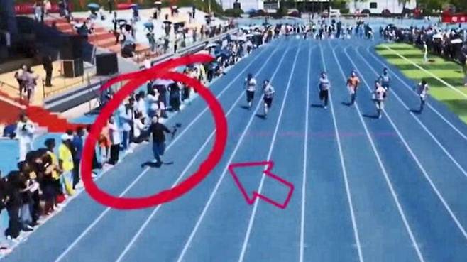 중국의 한 대학 육상 경기에서 선수보다 빠른 카메라맨이 등장을 해 눈길을 끌었습니다.
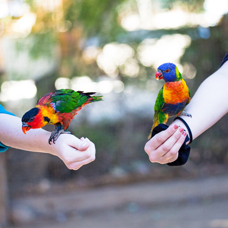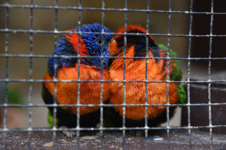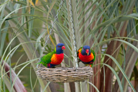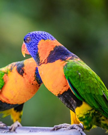 Beautiful Rainbow Lorikeet birds, perched on the metal handrail
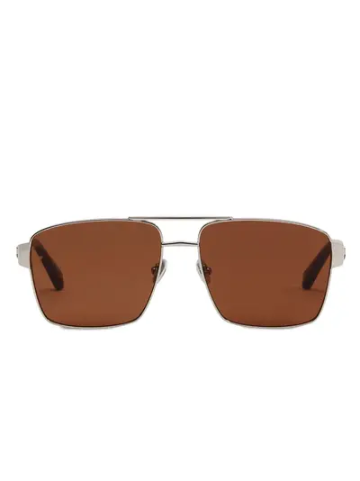 silver-tone tinted lenses double bridge nose pads These glasses come with a protective case.
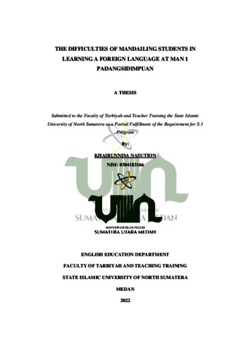 NASUTION, KHAIRUNNISA (2022) The Difficulties Of Mandailing Students In Learning A Foreign Language At Man 1 Padangsidimpuan. Skripsi thesis, Universitas Islam Negeri Sumatra Utara.
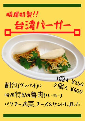 その場でもちもちに蒸したグアパオというパンに、ルーロー、パクチー、高菜、チーズをサンドした台湾風🇹🇼のバーガーです🎵✨✨
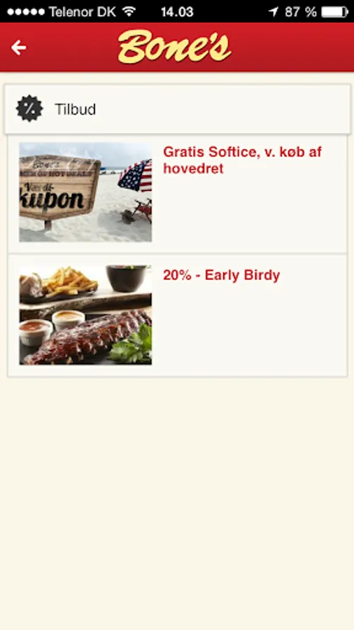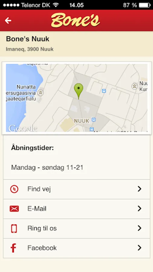 Bones Nuuk app provides you with useful information about our restaurant. Here you can get information about location, opening hours and contact information. You also have the opportunity to see our menu, specials and promotions plus that can be ordered table and Takeaway with the app. With our push messages, you can continually get current offers.
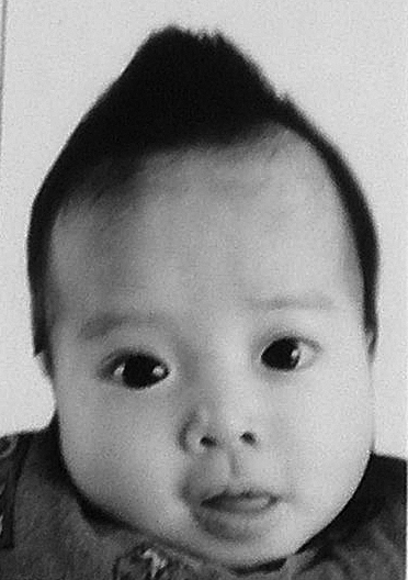 某男孩,2013年7月25日出生(估)。2013年7月27日发现被遗弃在余杭区南苑街道新安社区新秀家园北区122号。随身附花格子拉包带下身一块浅色尿布。左侧脑裂畸形。
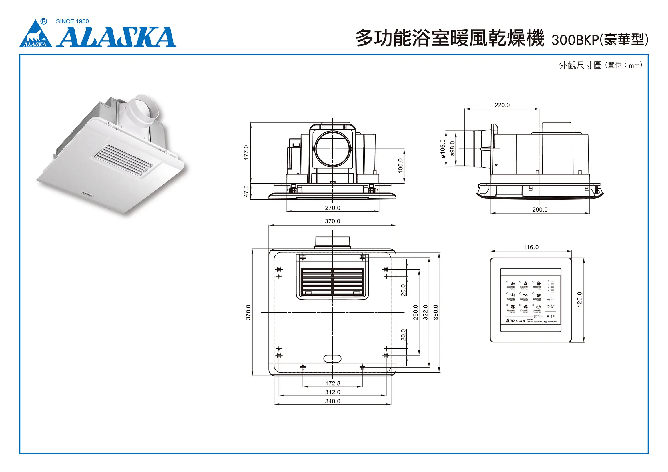 | 110V / 220V 60Hz | 300BKP最大8小時、300BRP最大12小時 | 300BKP 線控、300BRP 遙控 | 5.3 | 300 X 300 X 180 | ∅100 (4吋) |

::::::

Leave the pictures out. Output, exactly, the lines of the material above starting at the line containing "NASUTION, KHAIRUNNISA (2022)" and ending at the line containing "その場でもちもちに蒸したグア".

__Answer space__:
 NASUTION, KHAIRUNNISA (2022) The Difficulties Of Mandailing Students In Learning A Foreign Language At Man 1 Padangsidimpuan. Skripsi thesis, Universitas Islam Negeri Sumatra Utara.
 その場でもちもちに蒸したグアパオというパンに、ルーロー、パクチー、高菜、チーズをサンドした台湾風🇹🇼のバーガーです🎵✨✨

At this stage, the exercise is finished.